What is being asked:
Once you reach the line with "在本工作里,主要解决的是视线估计中的 Cross-domain 的问题。Cross-domain", copy it and every line after it exactly, up to the end of the data. Omit the pictures.

[Source data]

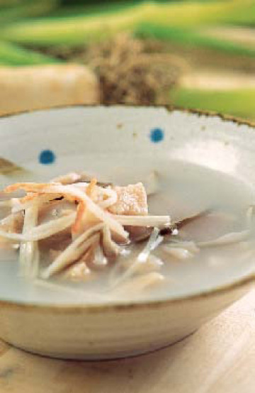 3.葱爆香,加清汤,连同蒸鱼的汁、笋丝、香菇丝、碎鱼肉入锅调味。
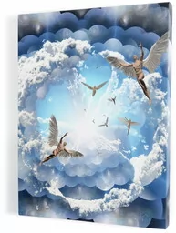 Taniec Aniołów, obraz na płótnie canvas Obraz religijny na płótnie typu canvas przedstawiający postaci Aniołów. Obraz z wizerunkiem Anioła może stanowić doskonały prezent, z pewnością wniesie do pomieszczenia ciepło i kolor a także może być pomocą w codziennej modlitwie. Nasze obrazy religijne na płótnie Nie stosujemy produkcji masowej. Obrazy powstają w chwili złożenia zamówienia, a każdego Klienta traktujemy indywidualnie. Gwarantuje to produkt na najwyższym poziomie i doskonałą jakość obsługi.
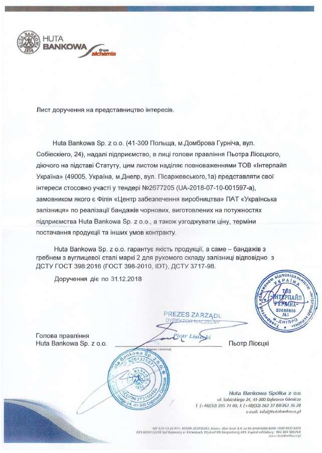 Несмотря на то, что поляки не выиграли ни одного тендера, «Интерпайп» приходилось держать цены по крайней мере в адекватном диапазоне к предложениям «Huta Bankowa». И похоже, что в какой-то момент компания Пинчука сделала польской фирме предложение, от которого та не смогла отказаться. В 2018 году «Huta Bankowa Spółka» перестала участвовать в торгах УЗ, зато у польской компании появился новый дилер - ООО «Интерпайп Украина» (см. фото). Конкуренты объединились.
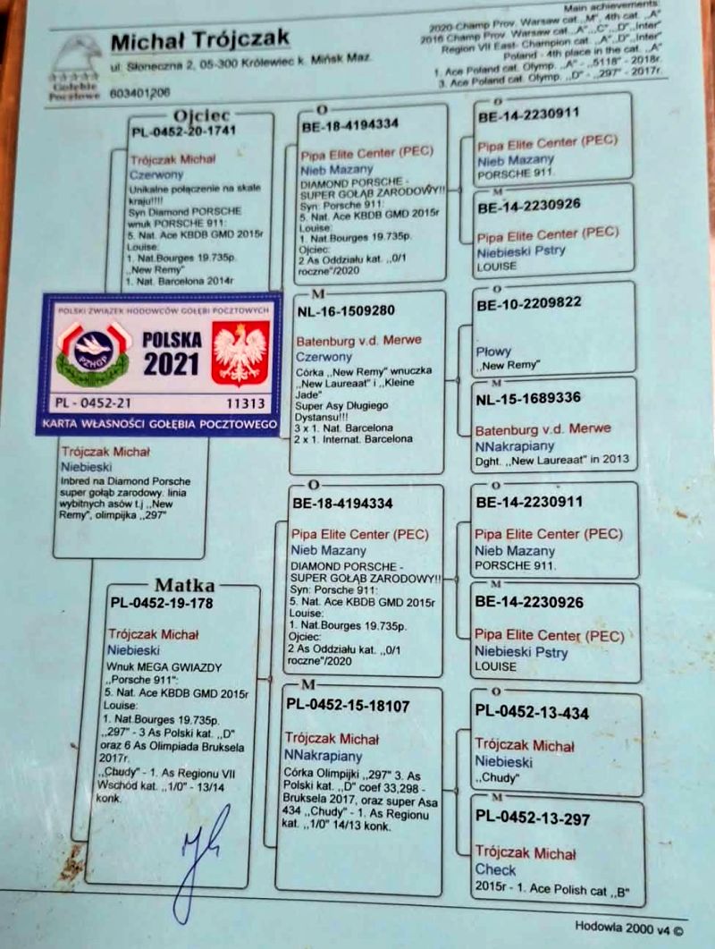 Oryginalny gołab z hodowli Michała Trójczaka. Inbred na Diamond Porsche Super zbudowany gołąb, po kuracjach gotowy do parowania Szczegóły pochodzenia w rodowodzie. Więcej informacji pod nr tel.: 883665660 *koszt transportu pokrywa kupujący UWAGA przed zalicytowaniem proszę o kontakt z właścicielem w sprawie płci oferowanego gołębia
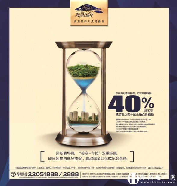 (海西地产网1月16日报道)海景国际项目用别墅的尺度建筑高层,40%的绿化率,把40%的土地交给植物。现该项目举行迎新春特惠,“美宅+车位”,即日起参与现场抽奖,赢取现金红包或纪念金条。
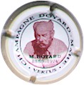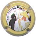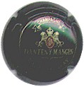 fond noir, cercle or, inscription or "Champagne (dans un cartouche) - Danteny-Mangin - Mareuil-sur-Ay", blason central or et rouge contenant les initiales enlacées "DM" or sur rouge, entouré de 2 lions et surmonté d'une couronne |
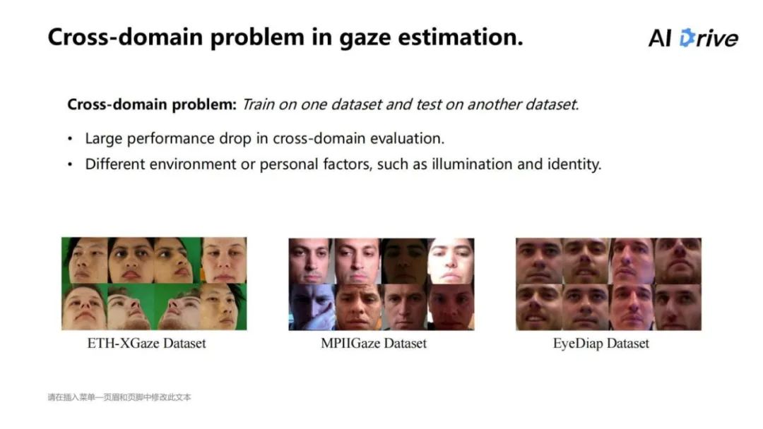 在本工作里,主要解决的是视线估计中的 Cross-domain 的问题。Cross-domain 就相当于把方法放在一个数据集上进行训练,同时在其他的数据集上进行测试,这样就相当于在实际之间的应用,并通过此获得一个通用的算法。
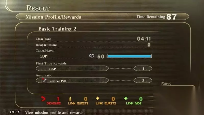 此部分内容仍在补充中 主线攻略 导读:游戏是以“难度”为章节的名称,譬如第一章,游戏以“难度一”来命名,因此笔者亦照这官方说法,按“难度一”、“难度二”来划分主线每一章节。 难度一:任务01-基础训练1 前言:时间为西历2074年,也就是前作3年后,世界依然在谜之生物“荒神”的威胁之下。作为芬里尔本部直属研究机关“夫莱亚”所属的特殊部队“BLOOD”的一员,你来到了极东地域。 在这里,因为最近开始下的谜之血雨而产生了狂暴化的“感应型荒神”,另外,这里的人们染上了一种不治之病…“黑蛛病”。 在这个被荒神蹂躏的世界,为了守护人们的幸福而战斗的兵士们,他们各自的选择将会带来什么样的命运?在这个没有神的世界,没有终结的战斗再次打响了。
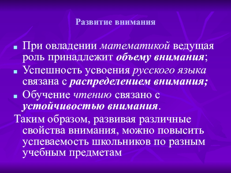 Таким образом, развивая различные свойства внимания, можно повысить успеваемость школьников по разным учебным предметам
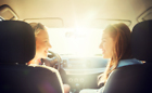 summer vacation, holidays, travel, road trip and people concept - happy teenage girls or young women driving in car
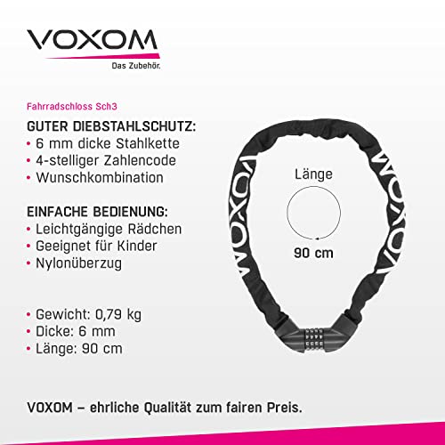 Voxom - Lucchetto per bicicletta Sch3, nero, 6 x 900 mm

Expected answer:
 在本工作里,主要解决的是视线估计中的 Cross-domain 的问题。Cross-domain 就相当于把方法放在一个数据集上进行训练,同时在其他的数据集上进行测试,这样就相当于在实际之间的应用,并通过此获得一个通用的算法。
 此部分内容仍在补充中 主线攻略 导读:游戏是以“难度”为章节的名称,譬如第一章,游戏以“难度一”来命名,因此笔者亦照这官方说法,按“难度一”、“难度二”来划分主线每一章节。 难度一:任务01-基础训练1 前言:时间为西历2074年,也就是前作3年后,世界依然在谜之生物“荒神”的威胁之下。作为芬里尔本部直属研究机关“夫莱亚”所属的特殊部队“BLOOD”的一员,你来到了极东地域。 在这里,因为最近开始下的谜之血雨而产生了狂暴化的“感应型荒神”,另外,这里的人们染上了一种不治之病…“黑蛛病”。 在这个被荒神蹂躏的世界,为了守护人们的幸福而战斗的兵士们,他们各自的选择将会带来什么样的命运?在这个没有神的世界,没有终结的战斗再次打响了。
 Таким образом, развивая различные свойства внимания, можно повысить успеваемость школьников по разным учебным предметам
 summer vacation, holidays, travel, road trip and people concept - happy teenage girls or young women driving in car
 Voxom - Lucchetto per bicicletta Sch3, nero, 6 x 900 mm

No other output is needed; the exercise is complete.